Нас окружают ребята, расспрашивают Дали о тбилисских новостях — соскучились мы по родному городу, и разговор долго вертится вокруг Тбилиси. Наконец внимание наше переключается на шипящий шашлык. Бутылка откупорена. Пир в честь Дали проходит на славу. Опускается ночь. Вспыхивают догорающие угольки, озаряя на миг наши лица. У Дали слипаются глаза, утомила дорога.

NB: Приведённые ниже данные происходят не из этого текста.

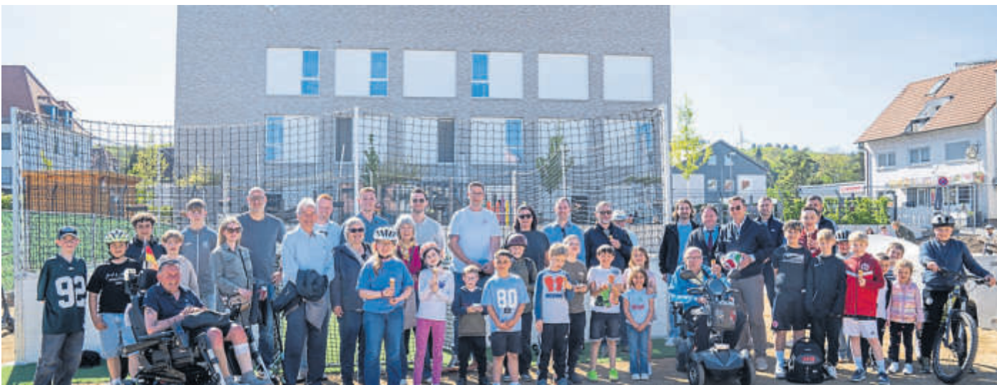
Gutes Wetter, gute Stimmung: Viel los war am Tag der Eröffnung von Soccerfeld und Pumptrack auf dem Areal zwischen KuBe und Neuem Obertor.

HUTTEN – Das Freibad Hutten ist in der diesjährigen Sommersaison vom 1. Juni bis zum 30. August geöffnet. Die Öffnungszeiten: Montag, Dienstag, Donnerstag und Freitag von 13.30 bis 19.30 Uhr; Mittwoch, Samstag und Sonntag von 11 bis 19.30 Uhr. Letzter Einlass ist jeweils eine Stunde vor der Schließung des Bades. BWB
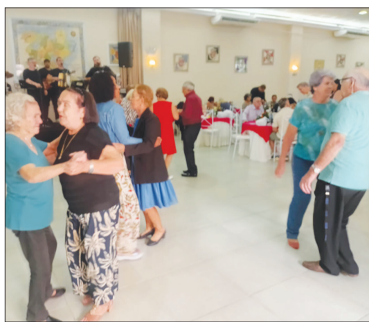
Panorâmica do almoço dos aniversariantes na Casa de Trás os-Montes
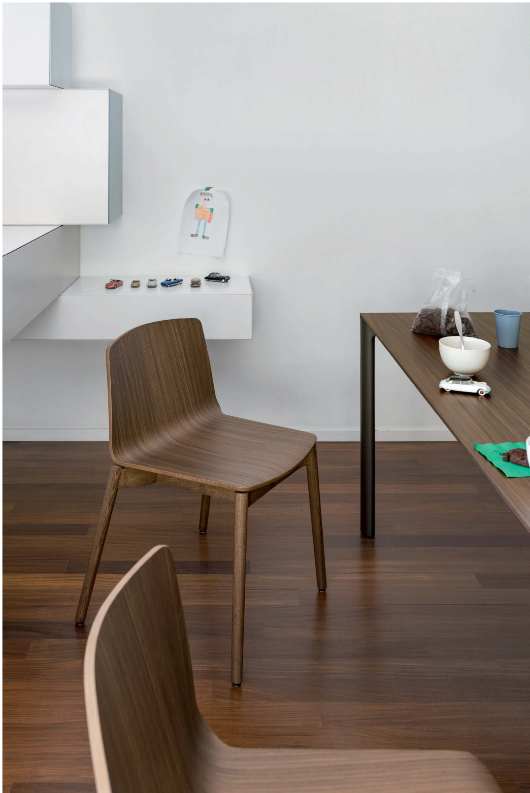
Rama Wood chair Wooden body
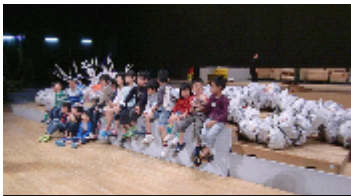
石見神楽のオロチを新聞紙でつくってみよう！
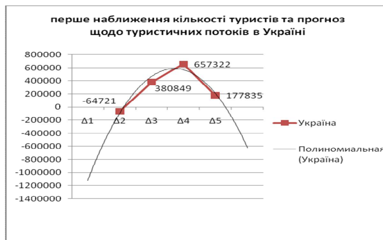
Рис. 4. Залежність, яка може бути використана для прогнозування туристичних потоків в Україні (екстраполяцією)

Результати аналізу загального обсягу туристичних потоків J_N (рис. 3 і рис. 4, отримані на основі даних табл. 1) свідчать про неперервні монотонні зміни туристичних потоків у Львівській області та Україні, починаючи з 2006 р. Максимуми потоків туристів спостерігаємо у 2007 р. Знайдені значення метрологічних чисел у стаціонарних станах ( i , відповідно, потоків) можна використовувати для прогнозування туристичних потоків на найближчі роки.
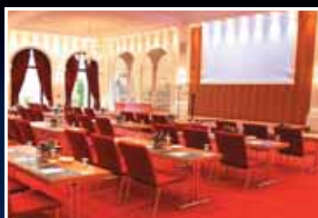
Professionell tagen ...

Dies alles ist „Confertainment“ im Europa-Park: eine professionelle Mischung von modernem Tagungsmanagement mit motivierenden Unterhaltungselementen – Tagung und Entertainment auf höchstem Niveau.
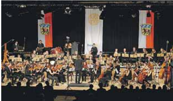
Freisinger Musikschule und Rotarier unterstützen MS Selbsthilfegruppe und Senioren.

Das erste Konzert fand im Schafhof statt und auf dem Programm standen u.a. Beethoven, Dvorak und Bizet. Das

Ребята провожают ее до палатки.
— Спасибо, ребята, спасибо вам за все! — блаженно бормочет Дали.
— Если будет что нужно, позови, не стесняйся, — говорят ей ребята.
Дали скрывается в палатке, а мы продолжаем пить. Пьем за счастье. Не знаю, водка ли тому причиной или приезд Дали, но я счастлив без меры.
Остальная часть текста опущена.